Red Wigglers – Getting Acquainted

Well, after reading perhaps too much on the topic of raising “red” worms I started a small vermi-composter in my basement.  Keep in mind that this took place some 2 years ago.  I went through the typical start up learning curve of how much water is sufficient, how much food is too much, type of background music, etc.  The first thing a novice wormer will experience is the not so pleasant odor generated by the worm farm.  It is easily taken care of by covering food scraps with soil.  This also takes care of the fruit fly population.

The main objective of having the vermi-composter is to generate the main ingredient for home brewed compost tea.

The container is modest and measures approx. 2 cu. ft.  Based on several recommendations I’m using red wigglers.  I started this system with about 100 worms then after 2 months added another 100 since it seemed that the initial population dwindled fairly quickly (2 month period).
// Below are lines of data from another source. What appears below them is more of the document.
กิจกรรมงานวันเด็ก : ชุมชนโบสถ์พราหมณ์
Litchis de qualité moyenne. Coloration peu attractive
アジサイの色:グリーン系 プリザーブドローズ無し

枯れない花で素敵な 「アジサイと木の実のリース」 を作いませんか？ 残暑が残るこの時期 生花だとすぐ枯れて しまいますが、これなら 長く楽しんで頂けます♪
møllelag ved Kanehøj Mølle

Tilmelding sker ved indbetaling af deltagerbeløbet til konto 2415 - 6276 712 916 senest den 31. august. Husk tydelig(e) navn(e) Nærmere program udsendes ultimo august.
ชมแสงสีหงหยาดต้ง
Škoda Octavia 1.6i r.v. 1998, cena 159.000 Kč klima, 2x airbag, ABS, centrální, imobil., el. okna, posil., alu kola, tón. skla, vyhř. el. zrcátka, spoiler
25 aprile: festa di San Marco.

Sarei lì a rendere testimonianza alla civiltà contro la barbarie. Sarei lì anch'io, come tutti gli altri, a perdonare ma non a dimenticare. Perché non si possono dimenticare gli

After the addition of the second batch of worms it appeared that the same thing occurred. However, the worms that remain appear healthy and continue to devour the food scraps given them. I add about 1 lb. food scraps per week. Anyway, the system seems to be working fine and the worms, as well as a host of other soil microbes, are doing their job.
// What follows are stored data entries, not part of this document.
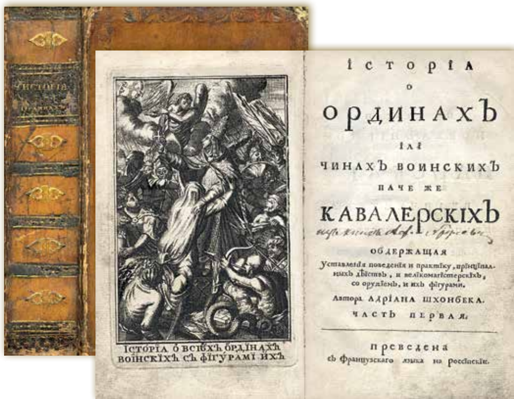
Переплет и титульный разворот книги Адриана Шхонебека «История о ординах или чинах воинских паче же кавалерских...» (М., 1710)

содержит 23 работы художника, каждая из которых издана литографским образом, как и плакаты.
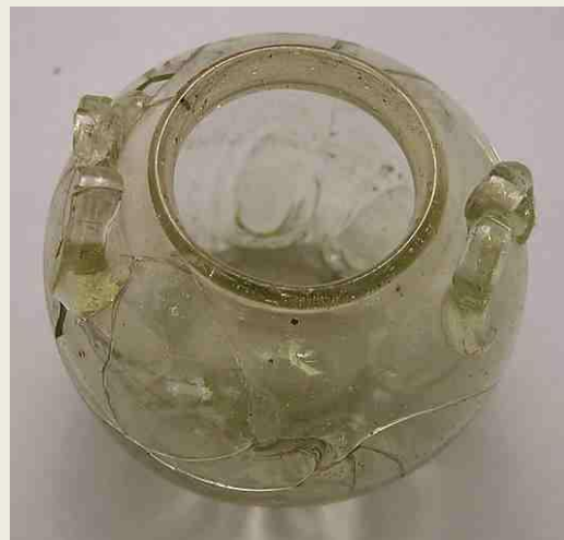
Δοχείο από πρεσαρισμένο γυαλί. Πρώιμη Ισλαμική εποχή, 9ος-10ος αι. Μητροπολιτικό Μουσείο, Νέα Υόρκη

Τον 8ο αιώνα, εμφανίζονται τα φουσητά σε καλούπι γυαλιά, ένα είδος που κυριάρχησε στην παραγωγή του ισλαμικού κόσμου. Η Ανατολή αγαπούσε ιδιαίτερα αυτά το τόσο λεπταίσθητα αντικείμενα και έργα τέχνης. Τα γνώρισε και η Δύση, όταν κατέλαβε τμήμα της Ανατολής μετά το 1098.
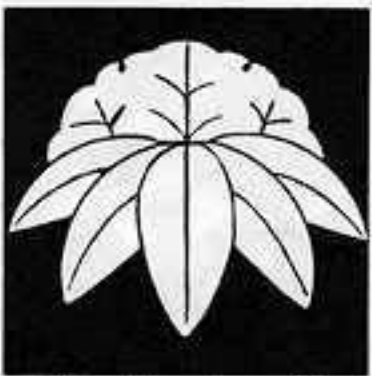
雪持ち笹 ゆきもちささ

The main reason for starting the worm bin was to have a fresh source of worm generated compost in order to produce worm tea (liquid fertilizer). So, after 4 months (two weeks from now) I’ll harvest the worm compost system and make several gallon batches of worm tea. During the harvest process I plan to segregate as many worms as possible in order to start a new bin of red wigglers. If the worm tea shows to invigorate plant growth as is claimed by many I will setup multiple bins so that I have the luxury of making worm tea once a month. Not only will I fertilize the vegetable garden with worm tea I also plan to do so for house plants and various plants in my landscape.

What one should consider when using worm tea is that it isn’t only a means to deliver certain macro and micronutrients to your plants but also replenishes the soil environment with beneficial organisms that have a positive effect on root and plant development. I guess one can say that you are improving the ecosystem, on a micro-scale basis or perhaps taking a wholistic approach to plant culture (husbandry). Of course there is a lot of literature on this topic and I hope this writing encourages you to dig deeper into the matter.

One avid gardener remarked that raising worms in a bin, located in a basement and fed weekly allocations of food scraps didn’t make much sense to him. Rather, he suggests that one should build a working compost, located outside and which houses red wigglers. By this approach you will have a much larger mound to work with and with the added ability to compost more food scraps then let’s say 1 or 2 lbs. per week. Granted, the worms won’t reside at the top of the compost pile, especially in cold weather, so you’ll have to be willing to dig a hole to deposit the food scraps where the wigglers can access same. Having said this, I did inspect my compost pile, which is 80 cubic ft, and dug down to the well decomposed material but did not see teams of worms as expected. So, I began to consciously deposit food scraps in certain areas of the pile to attract worms. However, it isn’t yet obvious that the worms are coming up from the soil layer to feast on the goodies. Keep in mind that I was making these observations between January and March of 2016 in central MO.

Another gardener mentioned that she tested worm compost tea versus compost tea made from her back yard’s compost pile without seeing evidence of any difference in plant growth or productivity between the two types of tea.

It is now late summer of 2017 and I have come to the conclusion that the time and effort it takes to make compost tea in your basement can’t be justified if you have the ability to maintain an active compost pile on your property.  I did enjoy raising worms and appreciate the richness of their compost but, quite frankly, I can achieve the same end result via my compost pile in my backyard.